I am stopping here now for a week or two in the house I believe I have mentioned to you before, & where I wanted you to come & see me—(& still want you, if you have a chance.) But I spend most of my time down at an old farm down in Jersey where I have a fine secluded wood & creek & springs, where I pass my time alone, & yet not lonesome at all (often think of you Pete & put my arm around you & hug you up close, & give you a good buss—often)—

—I am still keeping pretty well for me, have improved much indeed, quite fat, and all sun burnt brick red in the face, & hands as brown as nuts—am pretty lame & paralyzed yet, but walk or rather hobble sometimes half a mile, & have no more (or hardly ever) of those bad prostrated gone-in, faint spells I used to have most every day—so you see I am doing pretty well, my dear1—I still make my brother's house at Camden my headquarters, & keep my room there—address my letters to Camden always—But my sister is not well, has not been for some weeks, (is soon to lie confined)—Upon the whole, am getting along pretty well, & good spirits

The new edition of my books I sell enough of to pay my way very nicely—so I get along all right in that respect—(I don't need much)—how are they getting along at the Navy Yard?

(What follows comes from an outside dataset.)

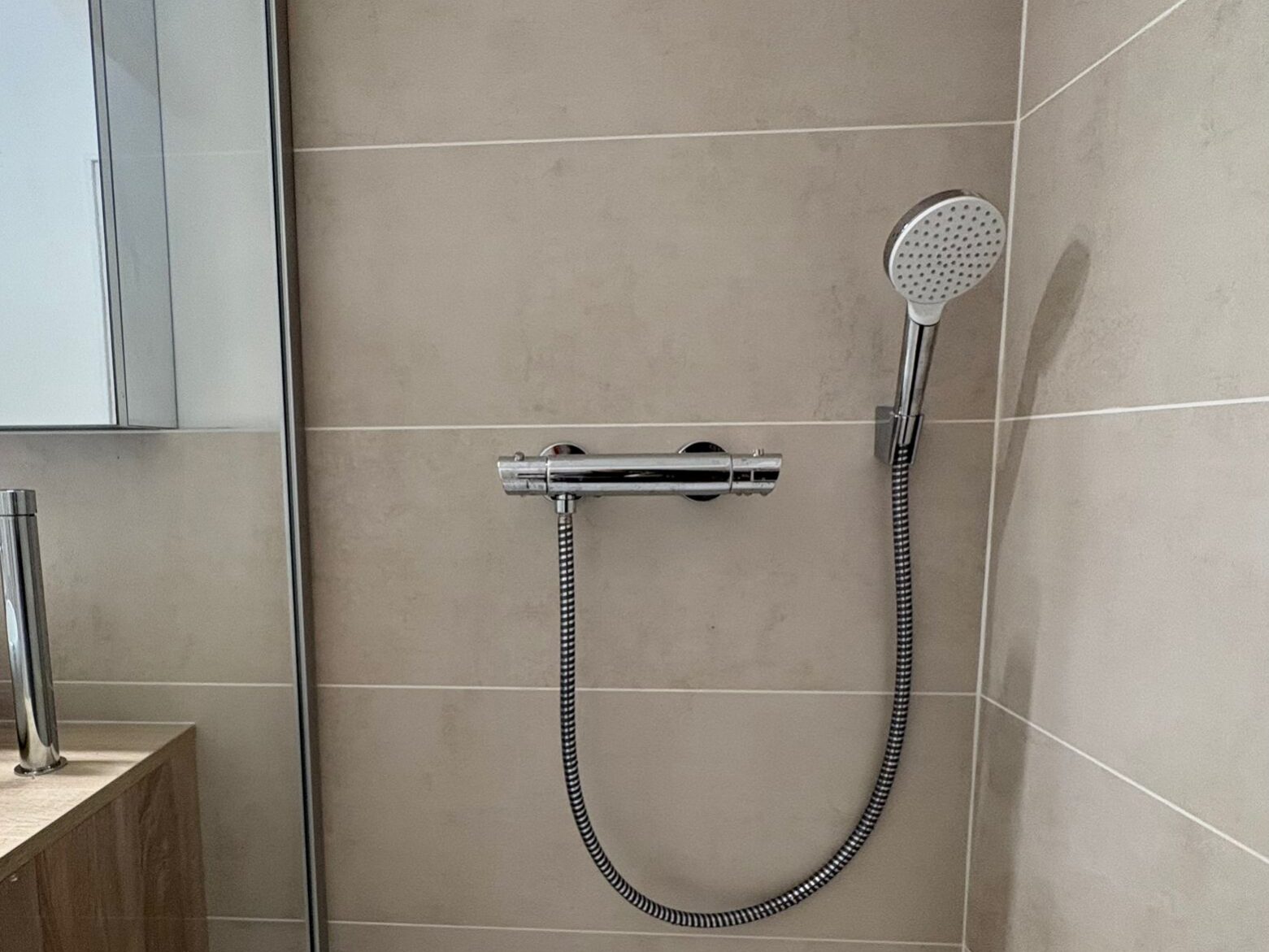 Nos experts ont installé une vaste cabine de douche équipée d’un receveur extraplat, agrémentée de niches carrelées élégamment intégrées dans les parois. Fonctionnelles et hygiéniques, ces niches assurent un rangement optimal et un entretien facilité.

I send them my love—(I havn't forgotten the pictures, but they are a long while a-coming)—When you see Mr Noyes2 tell him I should like to come on & pay him a visit this fall—& now good bye for this time, my own loving boy—


Your Old Walt


Notes:

1. The word "boy" has been penciled in as an addition here. [back]

2. Crosby Stuart Noyes, the editor of the Washington Star. See the letter from Whitman to Peter Doyle of October 9, 1868[back]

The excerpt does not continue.